The Boot Camp

I want to get fit but getting a lipo is faster.

Living in Montreal is not easy. One gets 7 months of misery winter wonderland, 4.5 months of rain, and 2 weeks of sunny days. Mind you that these 2 weeks are cumulative, as sunny days only happen on Mondays and Tuesdays when I’m fucking stuck in the office looking through the window. If I’m really attentive I can see the best days of my life passing me by. It’s kind of poetic when one thinks about it.

So of course, one has to go fucking crazy in these rare moments of climate bliss. Craziness starts with not wearing any sunscreen because all you really want is to get all that vitamin Dick in you. I mean, I guess melanoma is not that exciting but at the very least it’s a sign that you had a wonderful tanning session. But, hey, you do you, I do me.

Another major component of our 2-week long summer is being with friends, going to the park, drinking some booze, smoking some weed, talking shit about that friend who wasn’t invited had other plans, etc. Clearly this is where the shit hit the fan because I literally have no friends. I only have a fat cat which I honestly could live without.

I decided that the best way to take advantage of summer without any of the above was to join a boot camp, because I could train with like-minded individuals who also wanted to improve themselves in a friendly, healthy, supportive environment. That, and I was also feeling suicidal and figured that the best way to die would be during push-ups.

Did I die, though? No I didn’t.

Did I wish I had? Every single moment the exercise lasted, and also the morning after when I was feeling sore even in places where no man has ever wandered before. And trust me, as someone who’s dating a beautiful man with a big dick heart, I know. I really know.

As if this were not enough, the trainer sat me down to discuss my goals in joining this boot camp. Wait, so you mean I am supposed to have goals? Was she also going to ask me where I saw myself in 10 years from then? This whole conversation was darker than what lies between Whoopi Goldberg’s thighs.

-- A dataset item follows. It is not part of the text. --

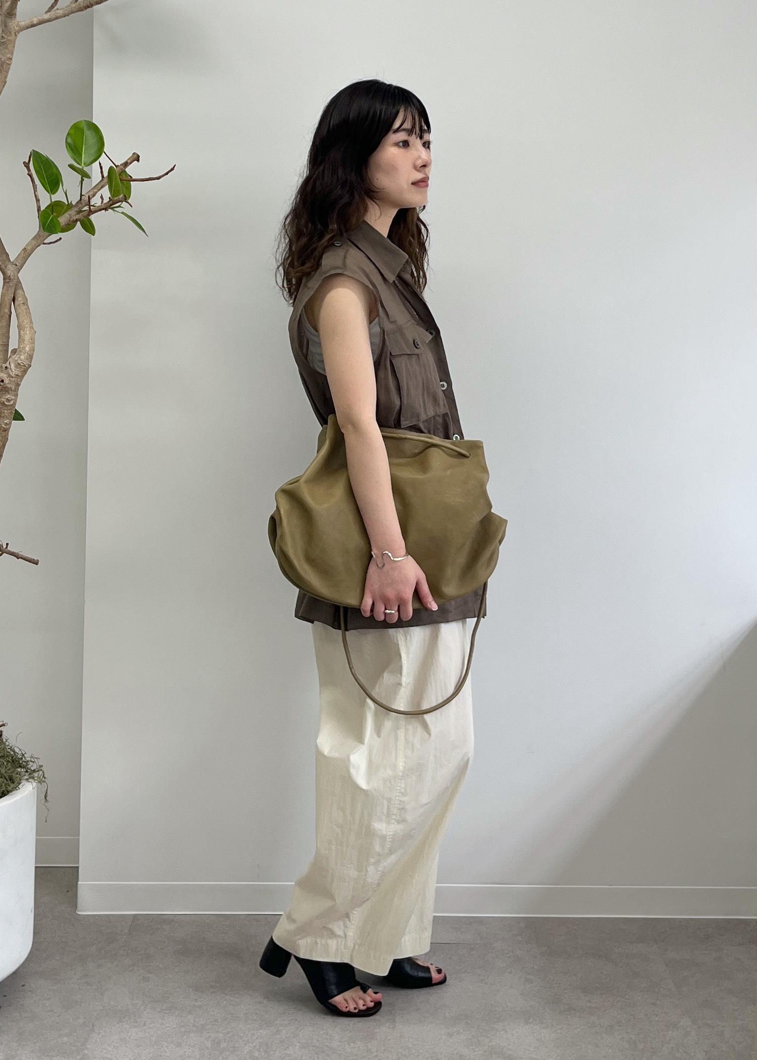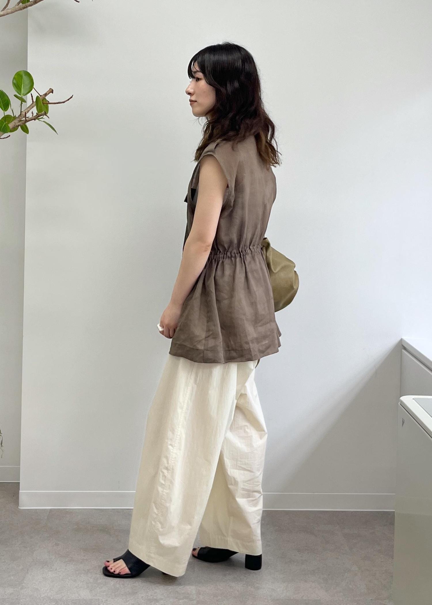 撥水加工のあるシャリ感ある素材。カーヴィーシルエットでゆったりとしたシルエットで履き心地◎体型問わず履いていただけます。 -

Her: So, what are your goals?
Me: Well, I honestly just wanted to work out with people.
Her: Oh, that’s sweet! But don’t you want to lose weight?
Me: Say what, bitch? Do I need to lose weight?
Her: …
Me: I mean, OK? Maybe 3 pounds?
Her: Why don’t we go for 7 instead?

This bitch collected my soul right there and then.

That’s how I signed up for the boot camp. And if anyone thinks that was my biggest mistake to date, wait until you here about my actually going to it. That one was even worse.

PS. The weather is not the only thing that sucks in Montreal, they also speak terrible French.